● WHAT YOU NEED TO DO
In the entries below, find the line with "1920 (Aug 10)" and the line with "Açıklamada, futbolcular ve"; reproduce those two lines and all lines between them exactly, without pictures.

● DATASET EXCERPTS
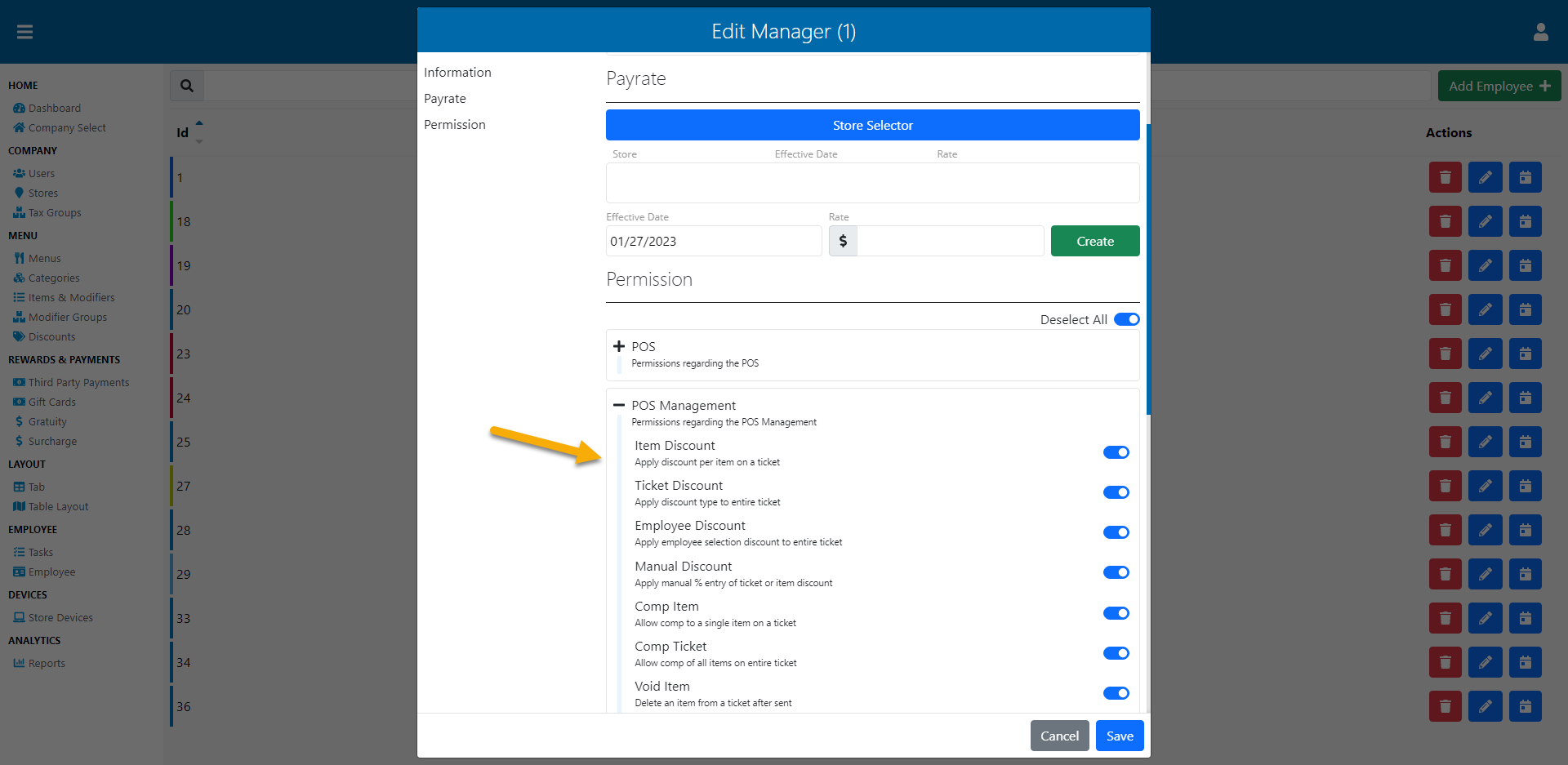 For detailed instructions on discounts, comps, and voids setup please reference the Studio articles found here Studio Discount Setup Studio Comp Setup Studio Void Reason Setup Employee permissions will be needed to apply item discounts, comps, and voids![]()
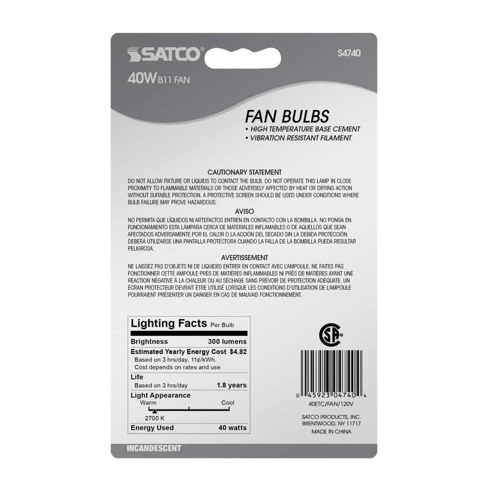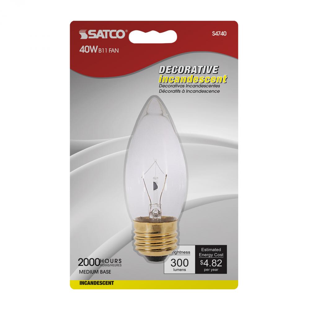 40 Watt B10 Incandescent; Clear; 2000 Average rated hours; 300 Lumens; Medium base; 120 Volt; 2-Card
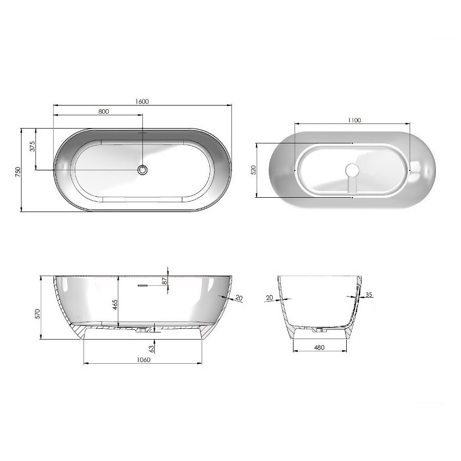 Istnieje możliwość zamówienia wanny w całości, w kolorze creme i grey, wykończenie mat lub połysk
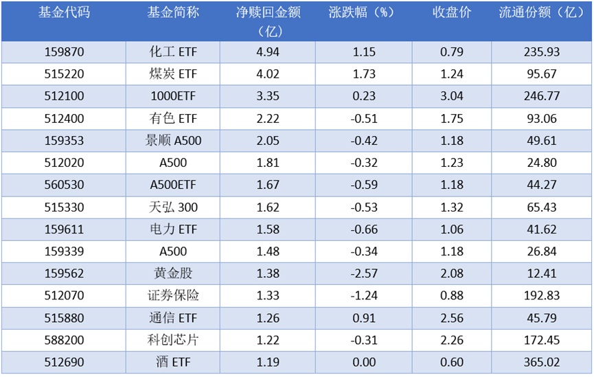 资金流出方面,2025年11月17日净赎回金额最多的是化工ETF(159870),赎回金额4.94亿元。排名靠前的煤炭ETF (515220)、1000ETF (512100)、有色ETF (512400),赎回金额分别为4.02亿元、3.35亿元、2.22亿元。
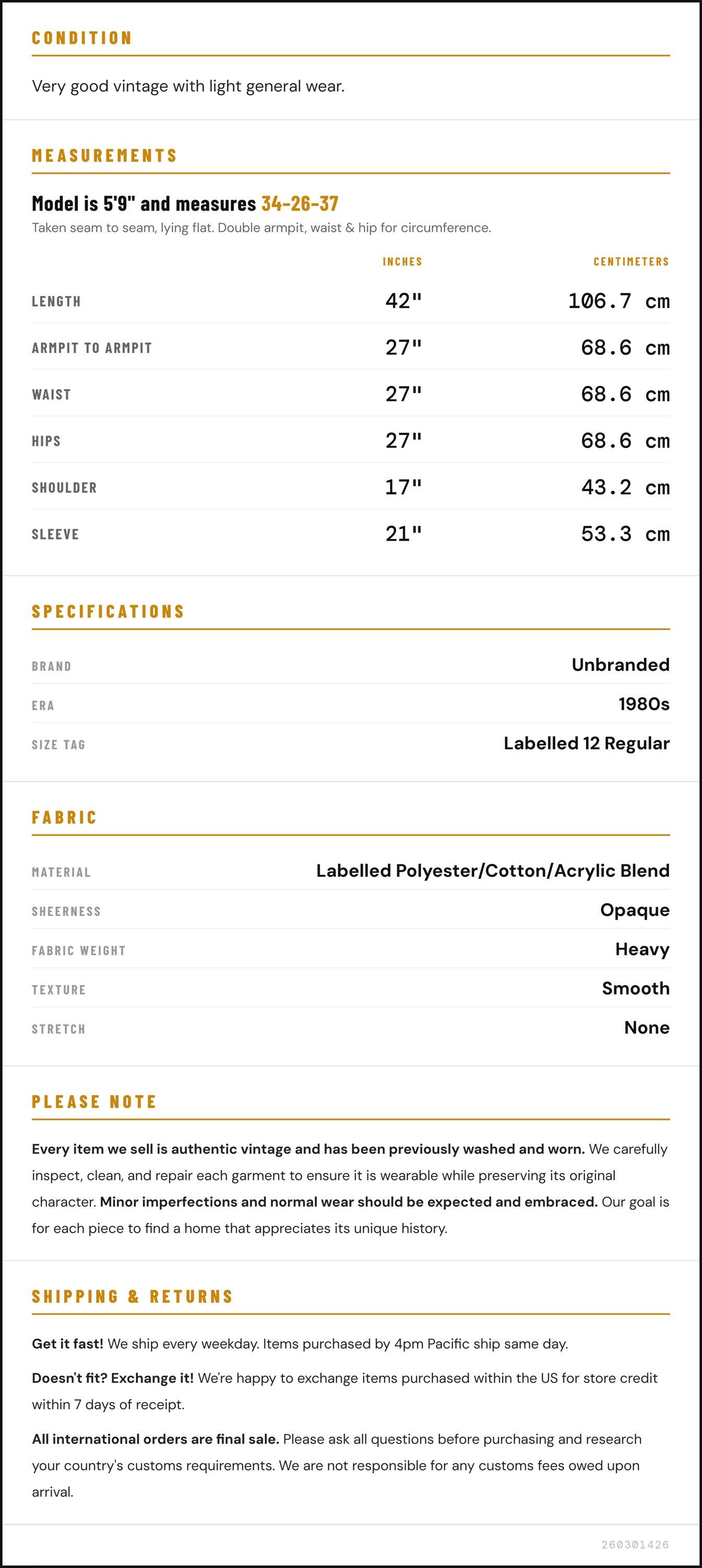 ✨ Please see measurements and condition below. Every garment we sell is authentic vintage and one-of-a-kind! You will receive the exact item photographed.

---

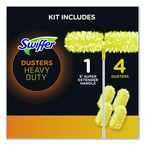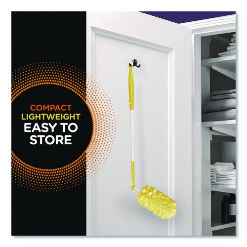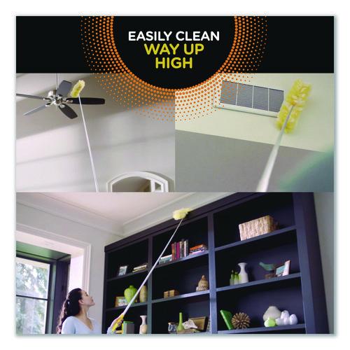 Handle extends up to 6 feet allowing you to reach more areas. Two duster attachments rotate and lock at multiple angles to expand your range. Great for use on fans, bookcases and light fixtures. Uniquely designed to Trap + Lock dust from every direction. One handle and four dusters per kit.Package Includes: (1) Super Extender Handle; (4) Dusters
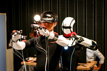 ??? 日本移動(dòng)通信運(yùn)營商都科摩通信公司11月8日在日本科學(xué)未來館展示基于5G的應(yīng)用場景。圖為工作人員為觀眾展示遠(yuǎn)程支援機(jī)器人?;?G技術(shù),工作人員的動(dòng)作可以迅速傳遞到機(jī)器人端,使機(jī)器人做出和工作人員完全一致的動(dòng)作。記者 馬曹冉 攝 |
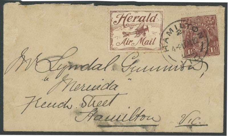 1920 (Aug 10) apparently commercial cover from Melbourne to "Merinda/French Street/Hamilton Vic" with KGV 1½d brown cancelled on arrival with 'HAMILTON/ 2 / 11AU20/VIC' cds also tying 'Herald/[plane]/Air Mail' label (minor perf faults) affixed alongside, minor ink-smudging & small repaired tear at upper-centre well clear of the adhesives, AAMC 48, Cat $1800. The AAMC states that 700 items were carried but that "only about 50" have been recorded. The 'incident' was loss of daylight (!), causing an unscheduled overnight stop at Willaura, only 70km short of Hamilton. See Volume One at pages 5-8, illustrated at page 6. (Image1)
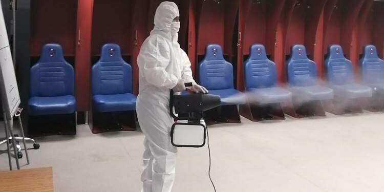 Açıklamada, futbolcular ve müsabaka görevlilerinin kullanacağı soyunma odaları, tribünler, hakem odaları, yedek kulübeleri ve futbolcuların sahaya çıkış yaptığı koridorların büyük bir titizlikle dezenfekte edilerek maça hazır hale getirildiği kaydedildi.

● ANSWER
 1920 (Aug 10) apparently commercial cover from Melbourne to "Merinda/French Street/Hamilton Vic" with KGV 1½d brown cancelled on arrival with 'HAMILTON/ 2 / 11AU20/VIC' cds also tying 'Herald/[plane]/Air Mail' label (minor perf faults) affixed alongside, minor ink-smudging & small repaired tear at upper-centre well clear of the adhesives, AAMC 48, Cat $1800. The AAMC states that 700 items were carried but that "only about 50" have been recorded. The 'incident' was loss of daylight (!), causing an unscheduled overnight stop at Willaura, only 70km short of Hamilton. See Volume One at pages 5-8, illustrated at page 6. (Image1)
 Açıklamada, futbolcular ve müsabaka görevlilerinin kullanacağı soyunma odaları, tribünler, hakem odaları, yedek kulübeleri ve futbolcuların sahaya çıkış yaptığı koridorların büyük bir titizlikle dezenfekte edilerek maça hazır hale getirildiği kaydedildi.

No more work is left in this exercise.